Yep you're right I guess, despite the fact that I was the only one to take the time and effort to contact Apple to find out what is going one and post the response that makes me a moron...

Ignorance is bliss to some I guess...


----------



## screature (May 14, 2007)

G-Mo upon reflection I owe you an apology. 

My posts to you were rather harsh in nature and for that I am sorry. I still don't believe what was going on today was a page caching problem due to the wide spread yet at the same time seemingly random nature of the issue.

You seemed to be rather dismissive of the fact that this an unusual problem that has never been experienced before on the Apple site and because you had no problems, the problem had a very simple explanation and that irked me because it didn't fit with the evidence.

But that doesn't excuse my harsh postings to you... I was in a bit of a "mood" when I made those posts and I shouldn't post when I am irritated and so once again I apologize for the tone of my posts... I should have been more polite.


----------



## [email protected] (Dec 26, 2010)

screature said:


> You seemed to be rather dismissive of the fact that this an unusual problem that has never been experienced before on the Apple site and because you had no problems, the problem had a very simple explanation and that irked me because it didn't fit with the evidence.


While the issue may very well never have been experienced before on the Apple site (has anyone checked every page, every minute of every day since the site has been up?), it's not unusual and G-Mo's suggestion does actually fit with the evidence.

BTW, he left the thread.


----------



## screature (May 14, 2007)

[email protected] said:


> While the issue may very well never have been experienced before on the Apple site (*has anyone checked every page, every minute of every day since the site has been up?), it's not unusual *and G-Mo's suggestion does actually fit with the evidence.
> 
> BTW, he left the thread.


This is a sub site to the Apple site and the problem was international not just in Canada so it is not merely a page caching issue and Apple admitted to me it was a problem they were experiencing before G-Mo posted... the reason G-Mo posted does not fit...

Just out of interest why do you feel the need to defend G-Mo... by the nature of his past posts of which I dare say I have seen most he is fully capable of looking after himself.

BTW he may well be back.


----------



## pm-r (May 17, 2009)

steviewhy said:


> It could be an attack I suppose, but you'd figure that the attack would focus on the entire store not just the refurbs.
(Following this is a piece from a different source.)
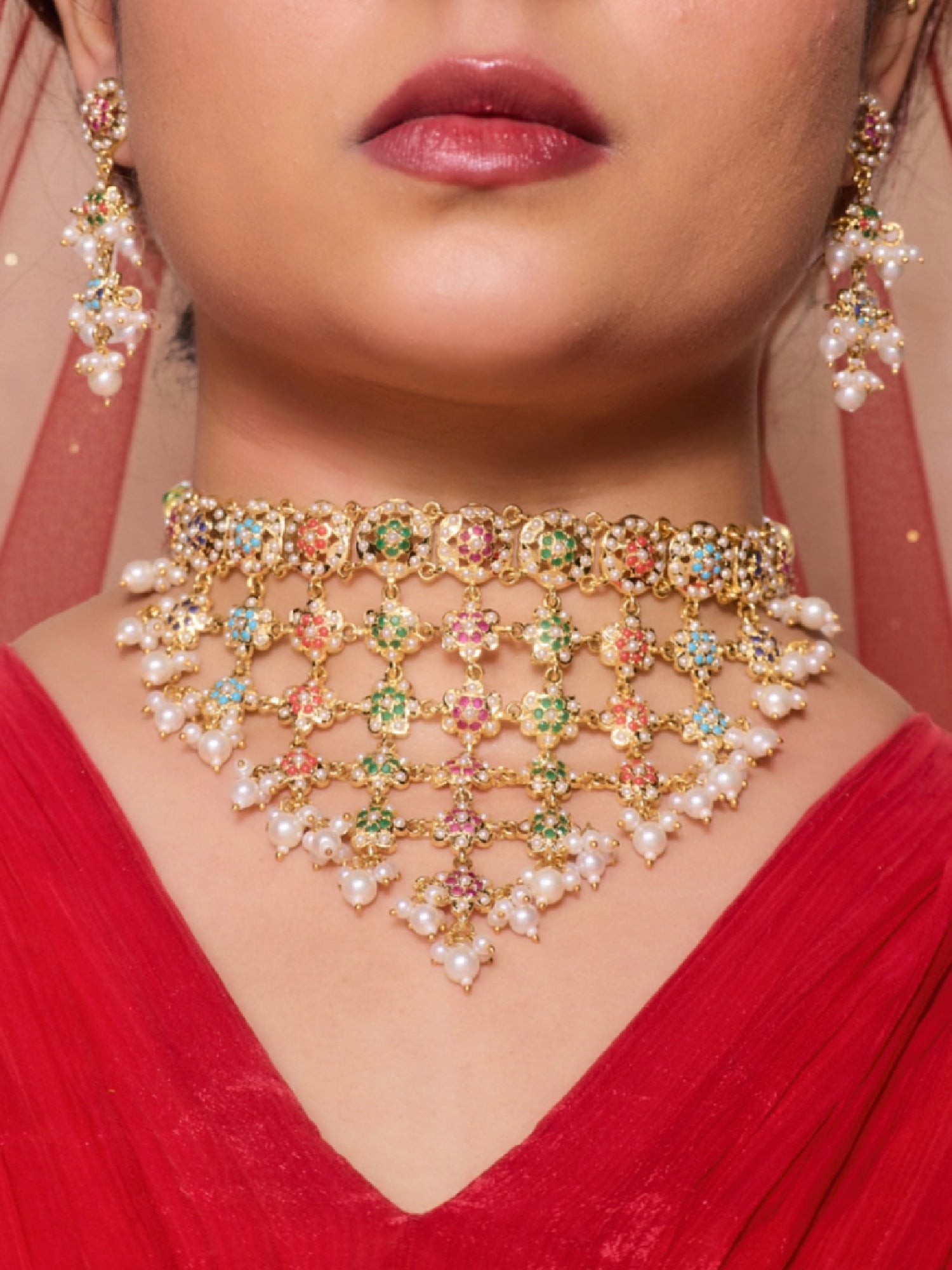 Elevate your bridal and festive look with the Enchanted Multicolour Jadau Necklace Set. Featuring intricate Jadau craftsmanship adorned with vibrant Multicolor gemstones, this necklace set exudes elegance and timeless charm. Perfect for weddings, receptions, and cultural celebrations, its detailed design makes it a standout piece for any special occasion. A must-have addition to your bridal jewellery collection, the Enchanted Multicolour Jadau Necklace Set beautifully complements ethnic, wedding, and festive ensembles.
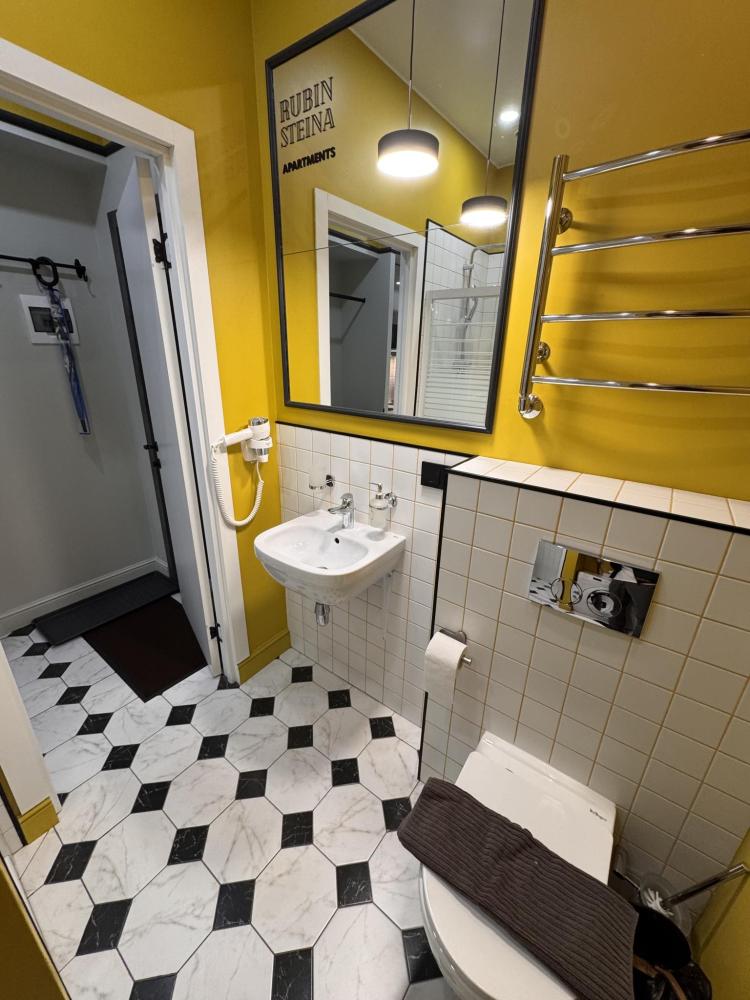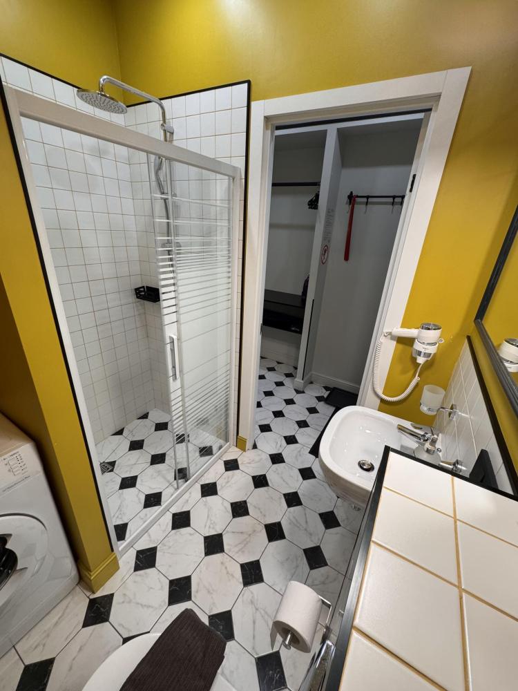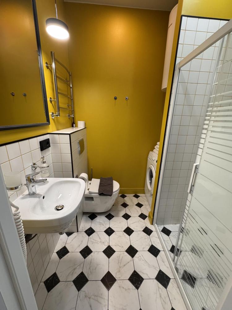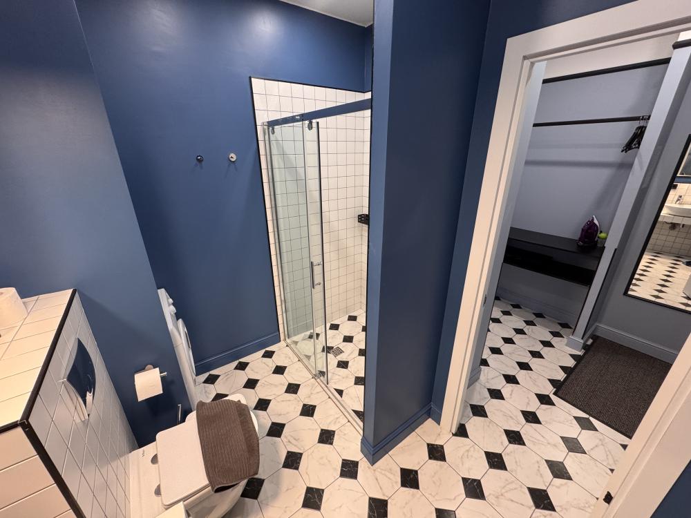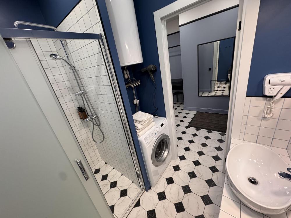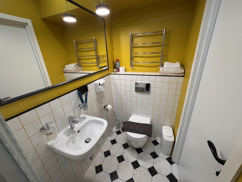 Оборудованный сан узел: теплый пол, стильная душевая, фен, стиральная машина, гладильные и косметические принадлежности, полотенца и комплекты белья для каждого гостя. Продуманная шумоизоляция и вентиляция.

The mechanics of the whole thing is mind boggling.


Maybe the "attackers" if that's actually the real cause, are just practising?

Edit: BTW, no problem accessing the apple.ca refurb site all day here since the original post and nothing greyed out. Using shaw.ca and with some extra custom DNS addresses if that actually makes any difference.


----------



## krs (Mar 18, 2005)

screature said:


> This is a sub site to the Apple site and the problem was international not just in Canada so it is not merely a page caching issue and Apple admitted to me it was a problem they were experiencing before G-Mo posted... the reason G-Mo posted does not fit...


The few international sites I looked at, Canada, Australia and the UK are all actually sub-directories of apple.com. So the problem wasn't as "international" as you think.

But why this was an issue for only some people and not others is a bit of a mystery.


----------



## [email protected] (Dec 26, 2010)

screature said:


> This is a sub site to the Apple site and the problem was international not just in Canada so it is not merely a page caching issue and Apple admitted to me it was a problem they were experiencing before G-Mo posted... the reason G-Mo posted does not fit...





krs said:


> The few international sites I looked at, Canada, Australia and the UK are all actually sub-directories of apple.com. So the problem wasn't as "international" as you think.


The refurb store (and most of the rest of the site for that matter) uses the EXACT same page for every country (e.g. storeRefurb.php). Those aren't actual sub-directories in the URL, it's URL rewriting and it's using the first parameter as a localization variable, so, depending on what local designator is passed (ca/au/uk/nz/us/nl/etc...) it decides what information to populate the page with.

Following on with that, if there was a caching issue somewhere along the line, it doesn't matter what variable you pass it, it's could feed back the same page for every request.


----------



## screature (May 14, 2007)

krs said:


> The few international sites I looked at, Canada, Australia and the UK are all actually sub-directories of apple.com. So the problem wasn't as "international" as you think.
> 
> But why this was an issue for only some people and not others is a bit of a mystery.





[email protected] said:


> The refurb store (and most of the rest of the site for that matter) uses the EXACT same page for every country (e.g. storeRefurb.php). Those aren't actual sub-directories in the URL, it's URL rewriting and it's using the first parameter as a localization variable, so, depending on what local designator is passed (*ca/au/uk/nz/us/nl/etc..*.) it decides what information to populate the page with.
> 
> Following on with that, if there was a caching issue somewhere along the line, it doesn't matter what variable you pass it, it's could feed back the same page for every request.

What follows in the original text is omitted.